*** Opening Dataset entries ***

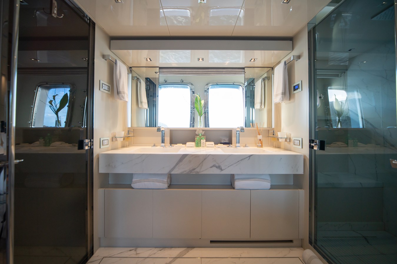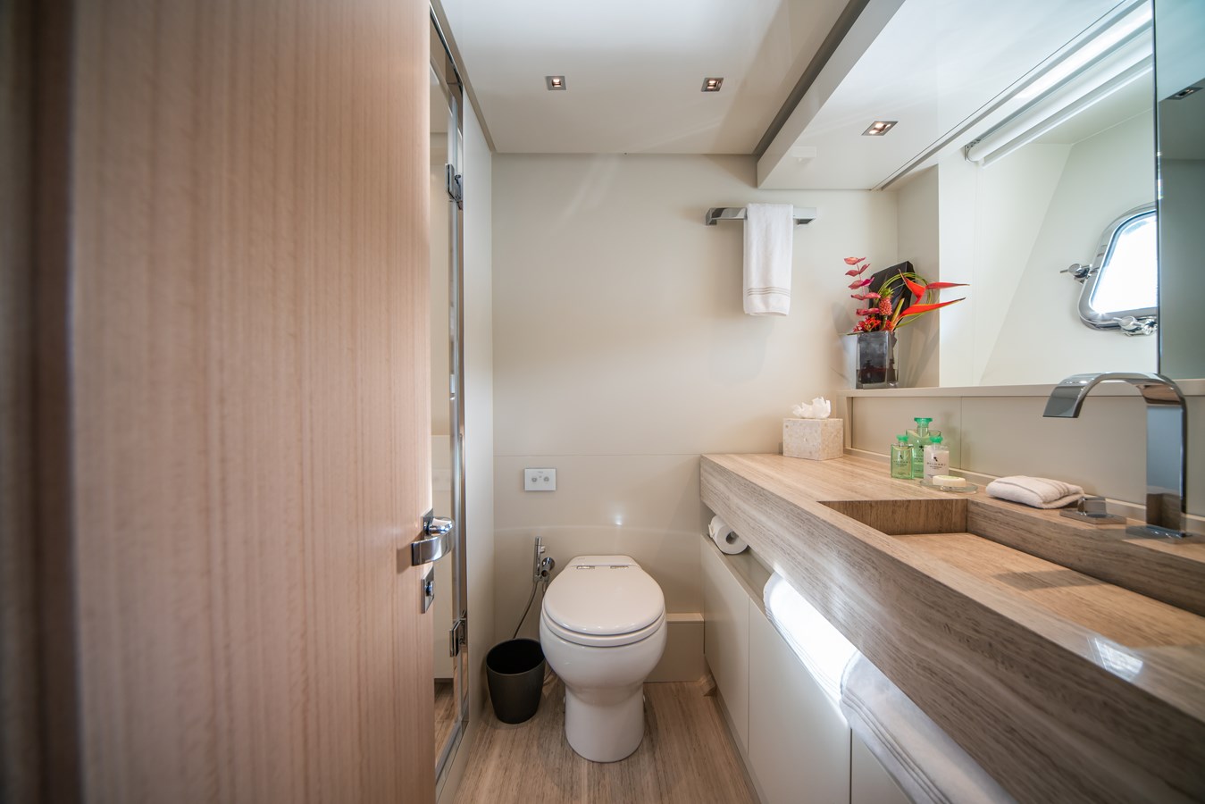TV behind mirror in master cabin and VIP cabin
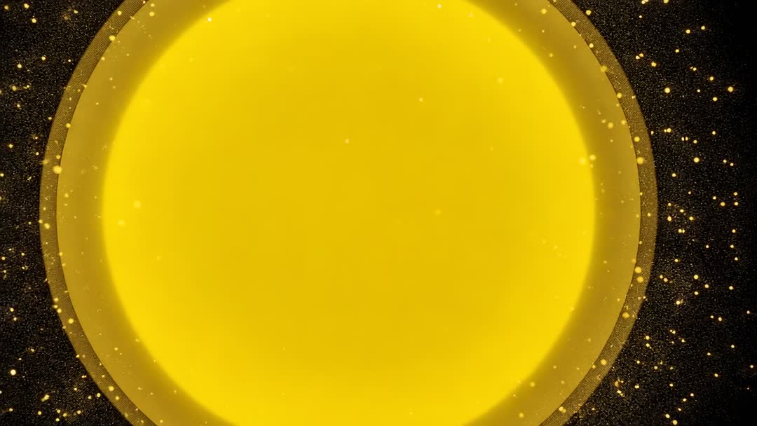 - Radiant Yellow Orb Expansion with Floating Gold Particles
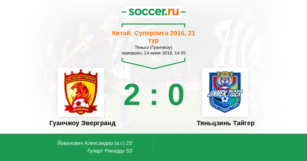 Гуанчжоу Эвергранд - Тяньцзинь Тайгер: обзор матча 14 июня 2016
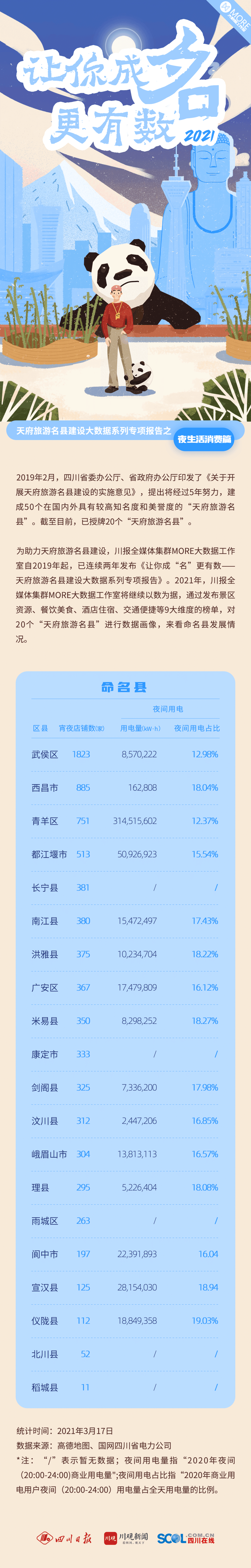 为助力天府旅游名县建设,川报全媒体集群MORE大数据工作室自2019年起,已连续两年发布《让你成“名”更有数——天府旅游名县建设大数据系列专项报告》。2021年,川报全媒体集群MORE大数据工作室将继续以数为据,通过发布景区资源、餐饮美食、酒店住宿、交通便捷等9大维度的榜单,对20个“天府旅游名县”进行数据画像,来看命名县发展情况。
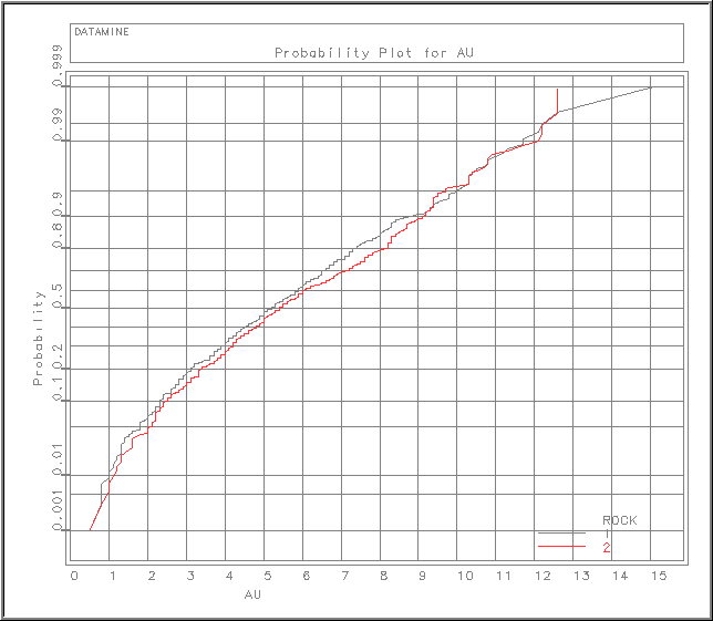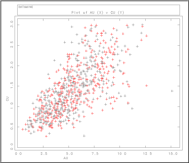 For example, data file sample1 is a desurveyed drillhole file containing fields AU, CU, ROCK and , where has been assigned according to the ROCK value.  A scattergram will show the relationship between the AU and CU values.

*** Closing Dataset entries ***
*** Opening Dataset entries ***

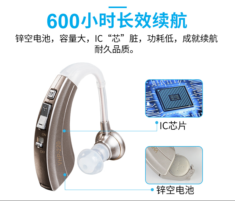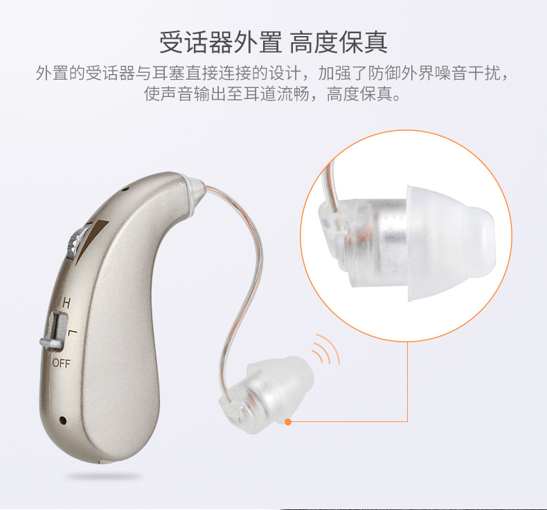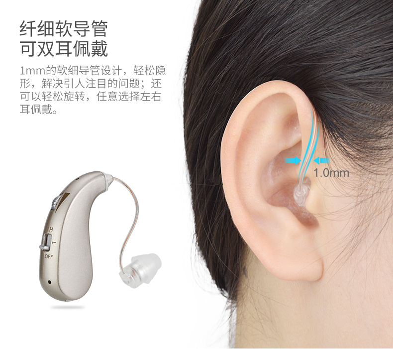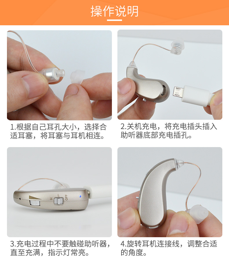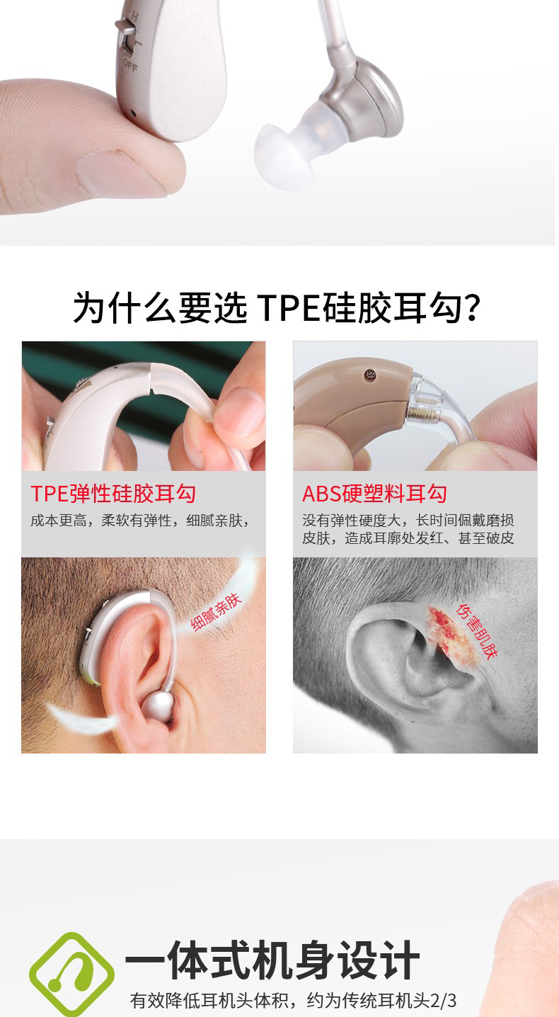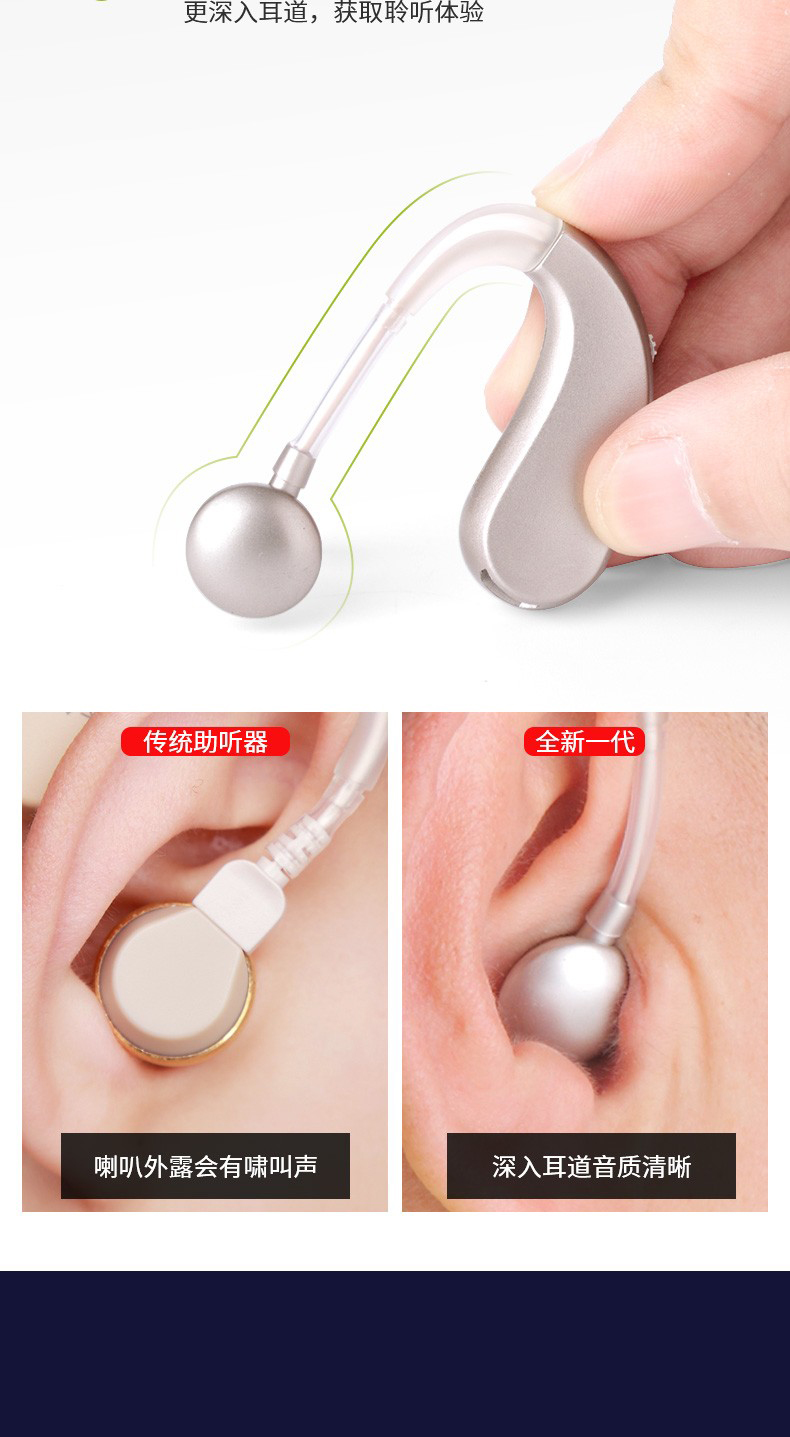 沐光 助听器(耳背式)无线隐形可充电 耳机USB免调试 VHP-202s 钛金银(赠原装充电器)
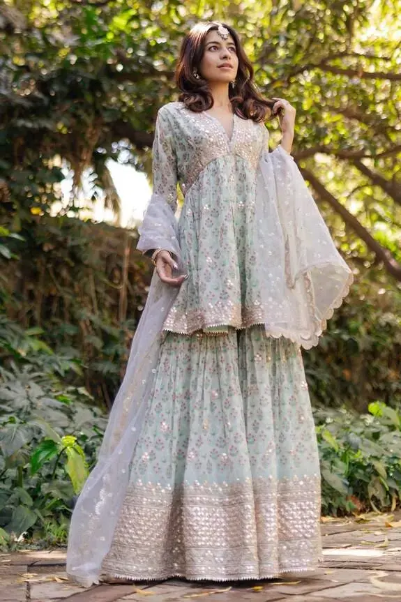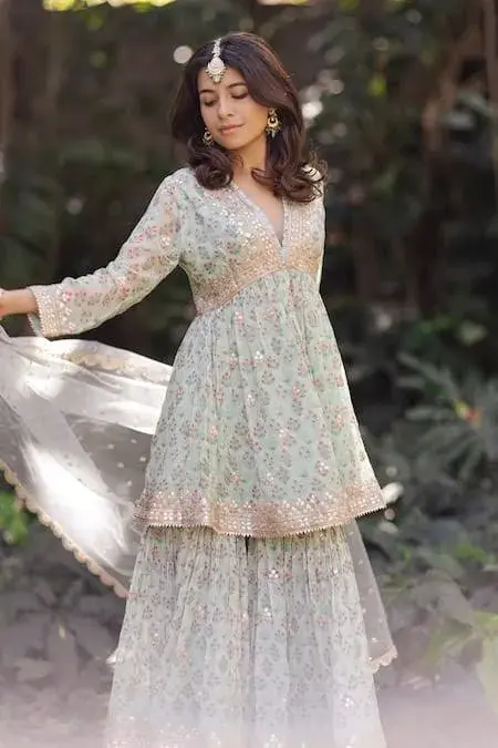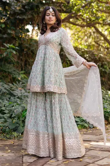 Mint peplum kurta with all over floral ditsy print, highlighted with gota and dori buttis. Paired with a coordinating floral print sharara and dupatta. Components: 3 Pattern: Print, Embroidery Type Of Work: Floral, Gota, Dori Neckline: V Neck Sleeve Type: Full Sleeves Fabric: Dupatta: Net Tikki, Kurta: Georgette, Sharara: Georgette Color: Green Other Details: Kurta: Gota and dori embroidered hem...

*** Closing Dataset entries ***
*** Opening Dataset entries ***

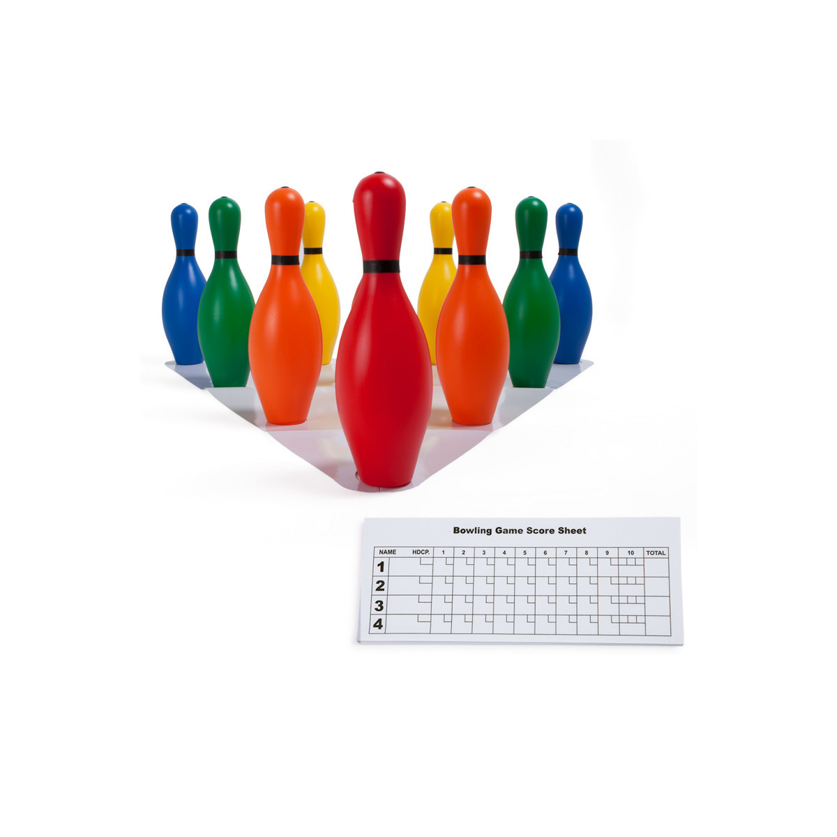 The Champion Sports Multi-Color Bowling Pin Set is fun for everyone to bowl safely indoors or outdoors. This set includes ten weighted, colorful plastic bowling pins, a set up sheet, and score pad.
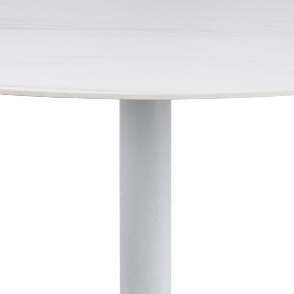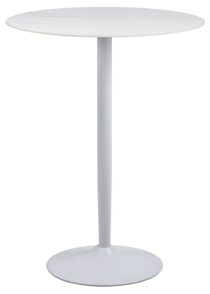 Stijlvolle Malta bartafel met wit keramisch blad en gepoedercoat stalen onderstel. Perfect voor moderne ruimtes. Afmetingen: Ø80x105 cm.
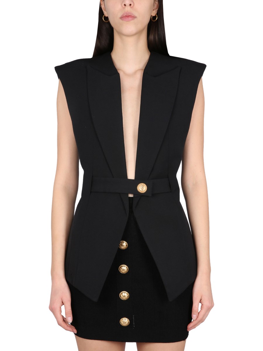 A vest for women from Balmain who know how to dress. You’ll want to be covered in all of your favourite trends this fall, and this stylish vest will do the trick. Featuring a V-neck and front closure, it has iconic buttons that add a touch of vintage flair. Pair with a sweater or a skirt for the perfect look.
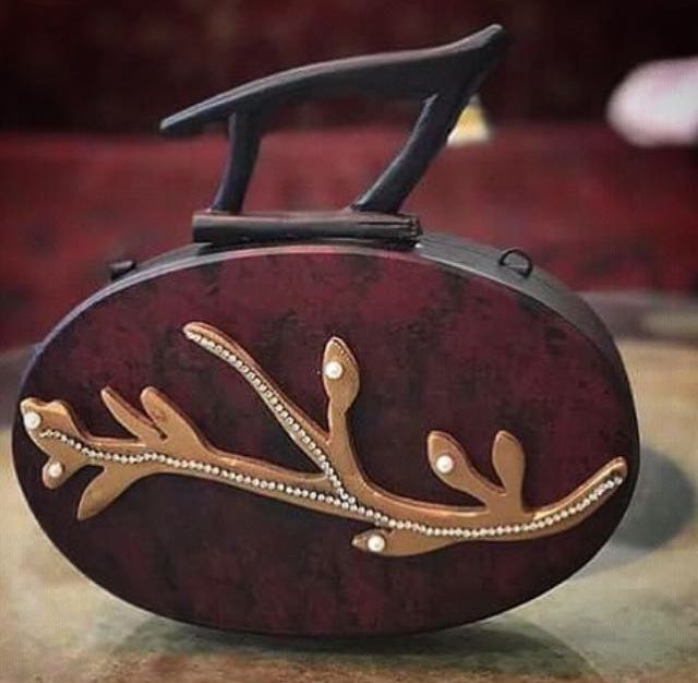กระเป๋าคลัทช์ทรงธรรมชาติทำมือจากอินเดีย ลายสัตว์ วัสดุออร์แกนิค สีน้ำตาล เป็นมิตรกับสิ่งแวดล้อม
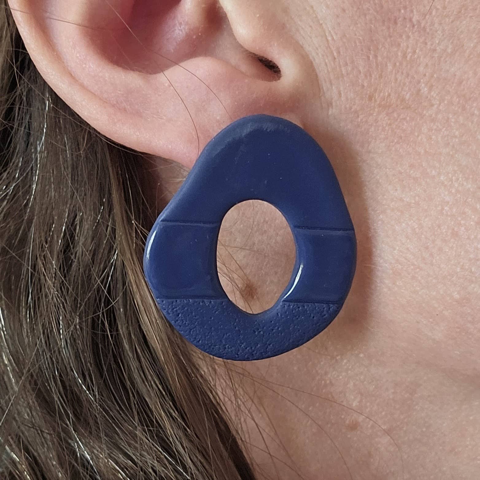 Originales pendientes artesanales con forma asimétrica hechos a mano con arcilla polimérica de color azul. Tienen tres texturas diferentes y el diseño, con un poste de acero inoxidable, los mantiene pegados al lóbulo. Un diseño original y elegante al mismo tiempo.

*** Closing Dataset entries ***

▶ _Required work_: Your task is to copy only the lines above starting at the one containing "Гуанчжоу Эвергранд - Тяньцзинь" and ending at the one containing "For example, data". Copy them exactly, both ends included, and omit the pictures.

▶ _Result_:
 Гуанчжоу Эвергранд - Тяньцзинь Тайгер: обзор матча 14 июня 2016
 为助力天府旅游名县建设,川报全媒体集群MORE大数据工作室自2019年起,已连续两年发布《让你成“名”更有数——天府旅游名县建设大数据系列专项报告》。2021年,川报全媒体集群MORE大数据工作室将继续以数为据,通过发布景区资源、餐饮美食、酒店住宿、交通便捷等9大维度的榜单,对20个“天府旅游名县”进行数据画像,来看命名县发展情况。
 For example, data file sample1 is a desurveyed drillhole file containing fields AU, CU, ROCK and , where has been assigned according to the ROCK value.  A scattergram will show the relationship between the AU and CU values.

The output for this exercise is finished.